Page 15 of Ivory Oath

“I think he’s still alive,” I drawl as I turn and do what I came into this room for in the first place—get a drink. “In case you want to try to save him.”

Raoul leaps over his twitching legs and stops me mid-pour. “Are you okay?”

I shake him off roughly and top off my glass. “I’m not the one bleeding out on the floor. I’m fine.”

“What happened?”

He asks the question like it’s simple. Like I can draw a line from dot to dot and end up with some crystal clear picture of this night, this week, this whole cursed life.

What happened is that my father murdered my daughter and first wife and kidnapped my second. And right this very moment, watching his chest convulse, I’m still not sure if he did it because he loved or hated me. Maybe both.

I settle on an easier explanation. “It’s complicated.”

“No shit,” he snaps. “Your father is dead on the floor. That usually comes with some complications.”

Raoul has always taken everything in stride. It might be a vestige of the fact that he was technically given to me to be used as a slave. Since this is the twenty-first century and I don’t own a powdered wig, I never took Raoul’s family up on the offer in full. But still… the dynamic lingers. Raoul jumps when I say jump and he doesn’t ask questions.

Until now.

When I called him last week to tell him Anatoly had been shot, he was shaken. Then the dominoes kept falling. Pyotr betrayed us; Stella died; Viviana and Dante were kidnapped. The last week has been a shitshow and now, even the most dependable person I know is in shambles.

I take a long drink and drop down into the leather chair in the corner. The gash in my father’s neck is bubbling now, a slow leak compared to the deluge a minute ago.

“My father killed Alyona and Anzhelina.”

Raoul blinks at me. He doesn’t look surprised—he looks worried. It’s well-documented that Ruben Falcao, Raoul’s father, ordered the hit that ended with my family slaughtered in their own home. He probably thinks I’m crazy to suggest a different version of events.

“No,” he says gently. “My father killed them.”

“Your father picked the—hell, it wasn’t even low-hanging fruit. My father tossed it on the ground. He rolled it to your father’s feet.” I take another drink, not entirely sure if it’s exhaustion or the alcohol making my head spin. “The night they died, my father sent me to the other side of the city and withdrew guards from the property. He might as well have put the key under the mat for the cartel. He wanted Alyona and Anzhelina to die.”
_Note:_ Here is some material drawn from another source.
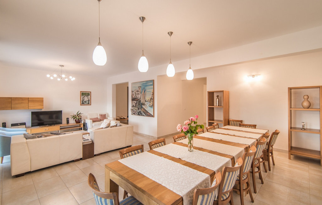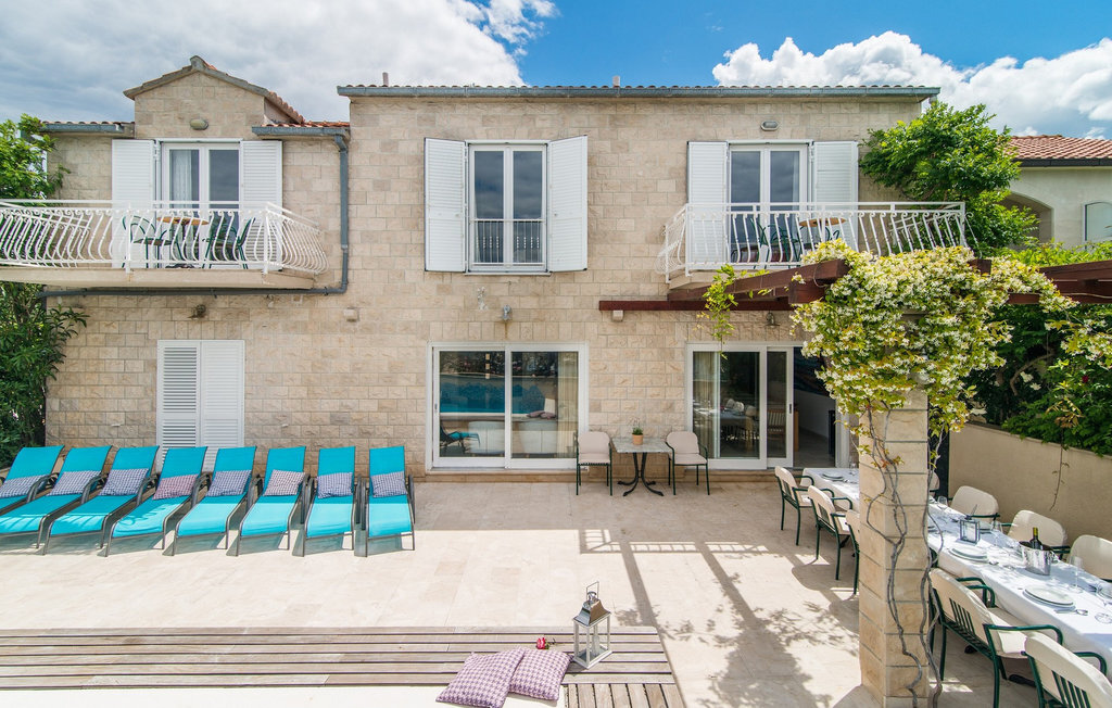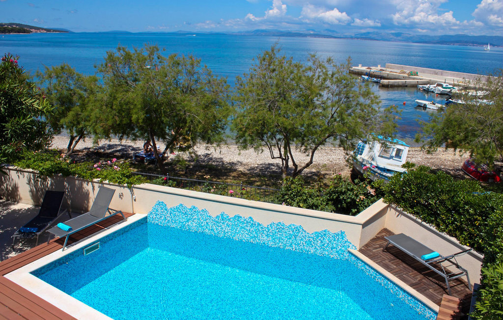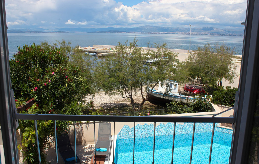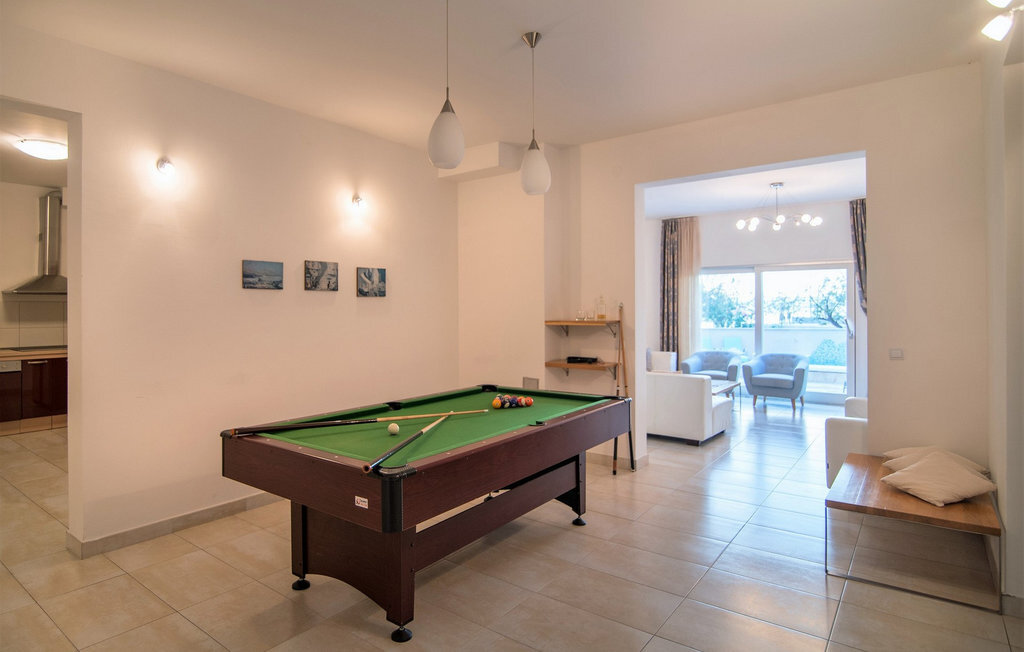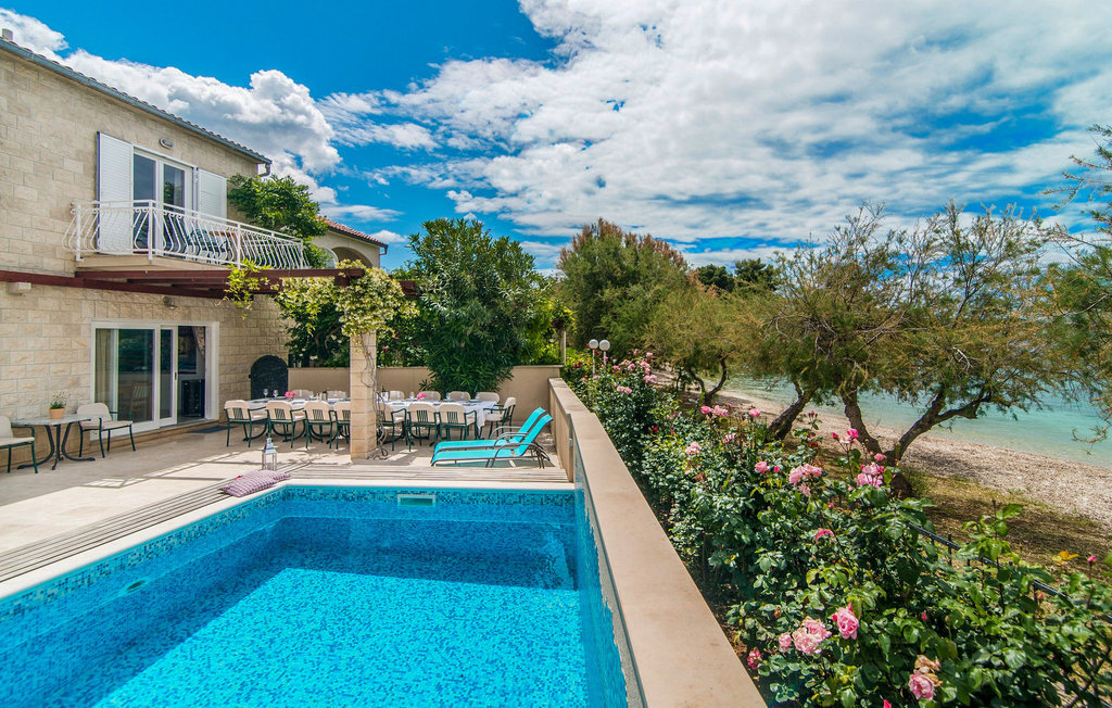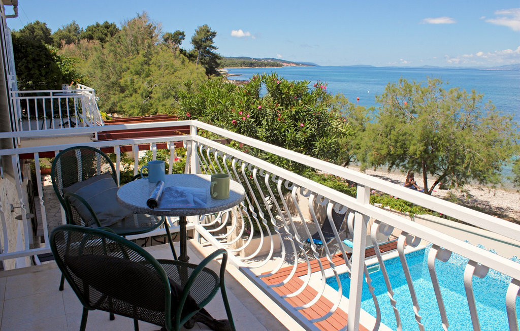 Commencez la journée par un bain rafraîchissant dans la piscine, puis laissez-vous bercer par le soleil sur l'une des chaises longues. Depuis la terrasse, profitez de la vue magnifique sur la verdure, la plage et le bleu de la mer Adriatique. Le soir, servez-vous un verre de vin ou de champagne pétillant et terminez la journée en toute convivialité, tandis que les vagues roulent doucement vers le rivage.

Saying it out loud makes me want to stand up and kill him again. Maybe I should ask Raoul to revive him after all.

“I always wondered,” Raoul mutters.

That wakes me up. The world around me solidifies as I stare up at one of my oldest friends. “What the fuck does that mean? You always wondered what?”

Raoul’s face shifts from pity to guilt and back again. He sags like the truth is physically weighing him down. “My father was a brutal man, but he did what needed to be done to protect his family.”

Rage rises up in me, fierce and swift. “He protected his family by killing mine! Don’t tell me he did the right thing.”

“That’s just it,” Raoul continues. “My father never hurt a child. Not once. I grew up hearing stories about him mounting the heads of his enemies on his wall like trophies. Men whispered about the way he would chop off someone’s leg for accidentally stepping on his foot. But in all those stories, he never hurt a woman or a child. Ever.”

I frown. “He made an exception for Alyona and Anzhelina, then.”

“Maybe.” Raoul shrugs, his head sinking deeper between his shoulders. He looks like a turtle trying to hide away. “Or… maybe he didn’t know who was in the house that night. Maybe he had bad information and called that hit having no clue that your wife and daughter were home alone.”

Would my father have gone that far to kill my family off? He could have taken them out himself, but I would have traced it back to him. If there hadn’t been a common enemy to point to—an imminent threat that needed to be dealt with—I might have realized the hand my father played in their murders even sooner.

“Your father offered you as a sacrifice,” I remind him. “He told my father that we could torture you, kill you, enslave you—whatever we wanted to do to make things right. He did that to his own son, but you think he would draw the line at killing one random woman and child he didn’t even know?”

Raoul thinks it over, choosing his words carefully. There is no good outcome here. At the end of the day, Alyona and Anzhelina are still dead. Raoul was still used as a bartering chip by his father. My father is going cold in the corner.

Everything is fucked up. But if we can untangle this knot, maybe the future doesn’t have to be.

“Your father orchestrated the murder of your wife and child and then kidnapped Viviana and Dante,” Raoul says gently. “He did that to his own son… Do you think he’d draw the line at feeding bad information to his enemies to get them to do his dirty work?”

Raoul looks at me and I remember the first moment we met.